Харин был с ним согласен как никогда.

Развальский как сдёрнул брезент, так и стоял к ним спиной, не поворачиваясь, не в силах оторваться от своей богини:

– Я сам боюсь смотреть на неё лишний раз. Она же не молчит. Она же плачет внутри и просит меня не скрывать её от людей. Она хочет жить, и – вы знаете! – у неё что–то начинает получаться. Сначала она тянула жизнь из меня, я–то чувствую, я знаю, но у меня почти ничего не осталось. Иногда только подхожу, раз в несколько дней, сниму брезент и любуюсь. Недолго, очень недолго. Она теперь меня жалеет, но становится всё лучше, всё… живее. Понимаете?

Харин его не слушал.

Он словно попал в туннель, где не было ничего вокруг, только гладкие серые стены, отполированный вечностью ствол гигантской пушки: с одной стороны он, а там, впереди – она. Богиня. Свет. Любовь. Манящая к себе непреодолимая сила, у ног которой стоял этот смешной умирающий человечек, с его сутулой спиной, со слипшимися паклей волосами, с дурацкой бородкой клинышком.

За спиной Харина, медленно, зачарованно шедшего к статуе, раздался выстрел.

Капитан очнулся от миража, серые стены растаяли, а сам он обернулся. Когда Михеев достал табельный ПМ, когда передёрнул затвор – Бог весть. Но выстрел смог разбудить Харина, уже спасибо. Правда, благодарить было некого – забрызганный смесью алой крови, розовато–жёлтых мозгов и кусочков черепа потолок словно навис над почти обезглавленным трупом в поношенной дублёнке.

Под челюсть стрелял? Грамотно, не промахнёшься.

– …она просит любви. Она просит дать ей силы ожить, – бубнил Развальский. – Я иногда снимаю брезент, она сама находит чужую силу. Она – богиня. Ей можно. Ей нужно! Она сама зовёт тех, до кого сможет дотянуться. И сейчас, и вот сейчас…

Харин достал пистолет, стараясь не смотреть на бурую лужу под головой напарника, на брызги повсюду, один из которых украсил эскиз на мольберте, сделав его совсем уж абстрактным. Дослал патрон и, почти не целясь, выстрелил в статую. Сейчас. Только сейчас, пока голова ненадолго избавилась от беззвучного шёпота, от серой трубы коридора.

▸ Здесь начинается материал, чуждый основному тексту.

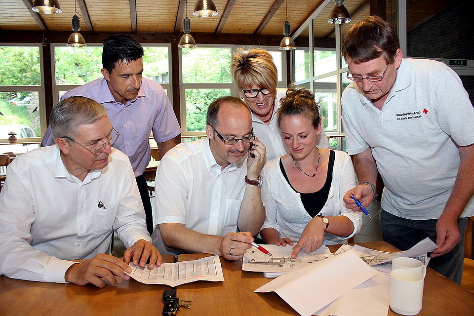 Vom strategische Leitungsteam, zu dem neben Rolf Klöcker und Janine Frackmann auch die stellvertretende Kreisvorsitzende Edeltraud Engelen, der Fachbereichsleiter Migration und Soziales Bodo Froebus, Kreisbereitschaftsleiter Jürgen Houbé, Fahrdienstleiter Thomas Heinen sowie der technische Beauftragte Herbert Schmitz gehören, ist in solchen Momenten viel Spontanität gefragt. Der Anruf der Bezirksregierung platzte mitten in eine Lagebesprechung des Rotkreuzteams mit der Heimleiterin Edith Stoffels und der Küchenchefin Ursula Voiks, in deren Rahmen auch Bürgermeister Udo Meister sich über deren Stand der Dinge erkundigte.
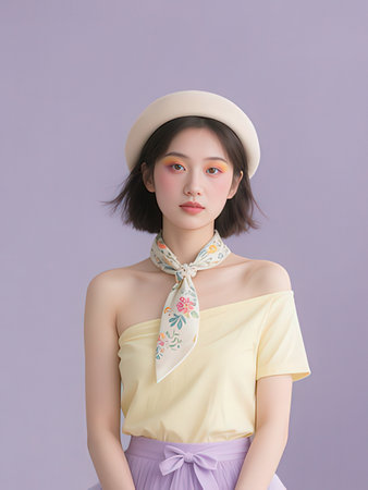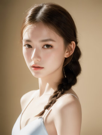 beautiful young Korean Asian woman portrait studio photo in winter skin beauty and cosmetics concept__holding bay's breath
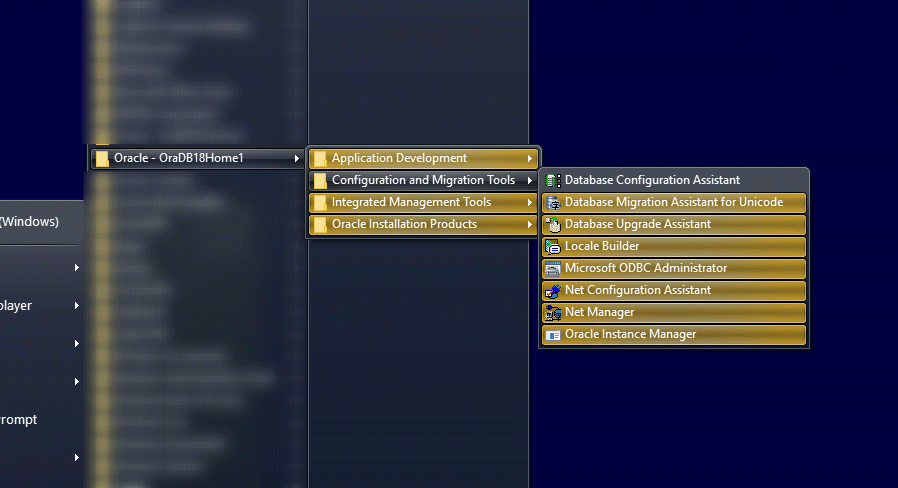 Hopefully you’ve followed my very simple and easy guide to downloading the 18c database software for Windows. But of course, software on its own is not much use – we need a database! So let’s get cracking and create one. Using the Start menu like I’ve done below, or using the Windows panels, locate the Database Configuration assistant and start it.
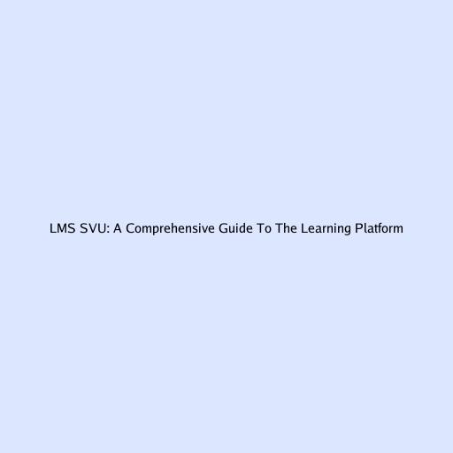 LMS SVU: A Comprehensive Guide To The Learning Platform
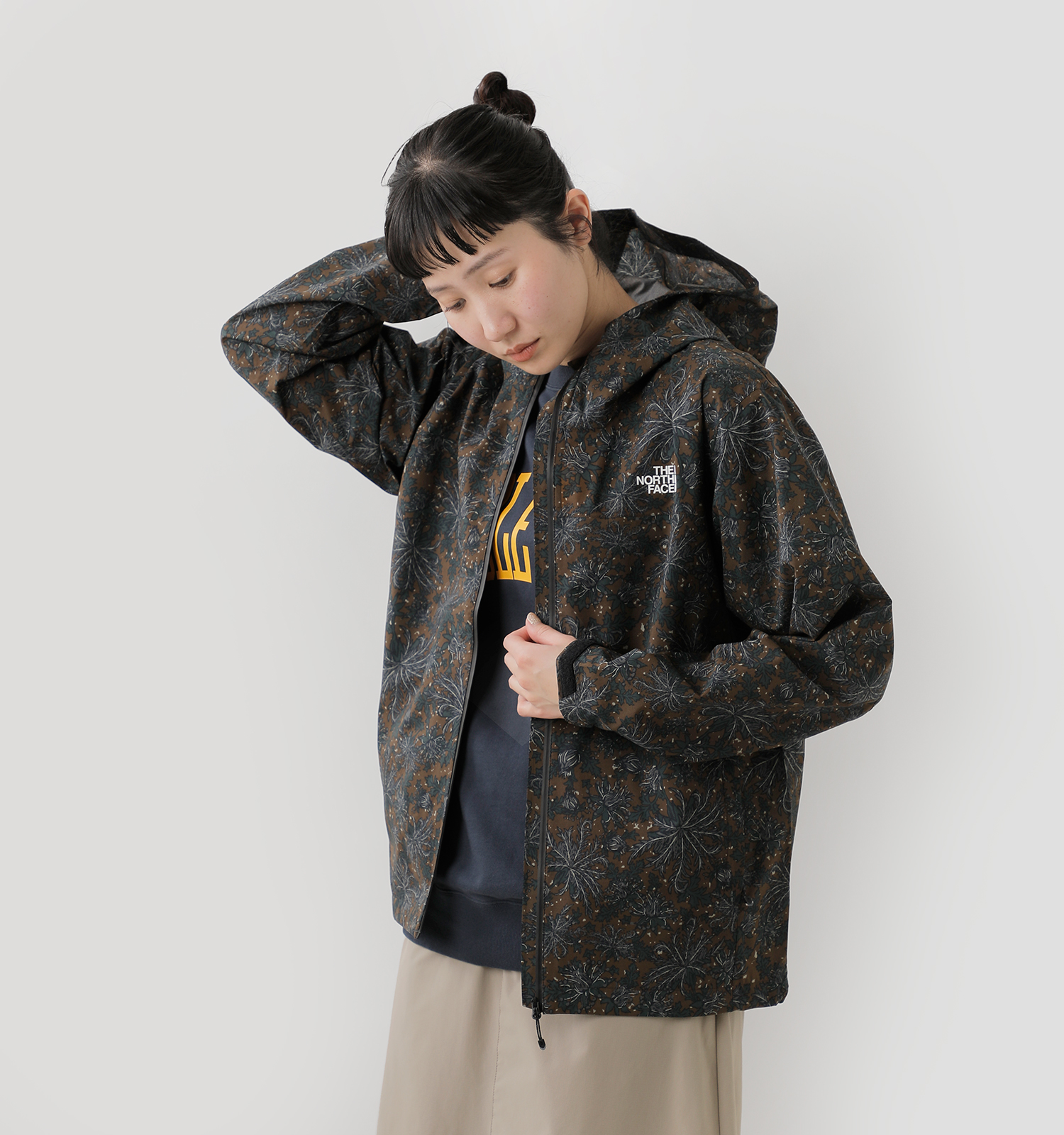 THE NORTH FACEのよりベンチャージャケット 。高原に咲くチングルマの花のグラフィックが印象的。携行に便利なスタッフサック付きでアウトドアからデイリーユースまで、さまざまなシーンに対応する、日常でもコーディネートしやすいアイテムです。

Сейчас или вообще никогда.

Пули впивались в странный материал статуи, словно в плотное тугое желе, видно было как её встряхивает от попаданий, как кусочки свинца проходят внутрь, застревая в конце пути. Две в голову, потом в грудь, потом в живот и ниже. Скульптор визжал что–то, кажется, даже упал на пол и бился там в истерике. Не до него. Ещё выстрел. Ещё. Если не получится – облить всё здесь бензином и сжечь к чёртовой матери, пока эта янтарная тварь не сгубила всех, до кого дотянется, в напрасных попытках стать живой. Последняя пуля попала в опущенную вниз руку девушки, отбила ей пальцы, и это стало началом конца.

Статуя словно треснула по множеству линий сгибов, разрывов, отверстий от пуль, распалась на части, разлетаясь по мастерской. Голова богини упала рядом с лежащим на полу стариком, он протянул обе руки к ней, схватил, прижал к себе, будто пытаясь спасти и согреть.

Скульптора ощутимо трясло, он всхлипывал и неразборчиво бормотал что–то.

Один из кусков бывшей статуи долетел до Харина, ударился об его ботинок. Сунув пустой пистолет в кобуру, капитан наклонился и поднял странно мягкий, тёплый, трепещущий фрагмент чужой плоти. Показалось, что он гладит по нежной щеке кого–то родного – жену, которой больше не было? Нерожденную дочь? Он сам не знал, просто держал частицу этого янтарного сияния на ладони одной руки и гладил кончиками пальцев другой.

Странное чувство не нарастало, но и не проходило.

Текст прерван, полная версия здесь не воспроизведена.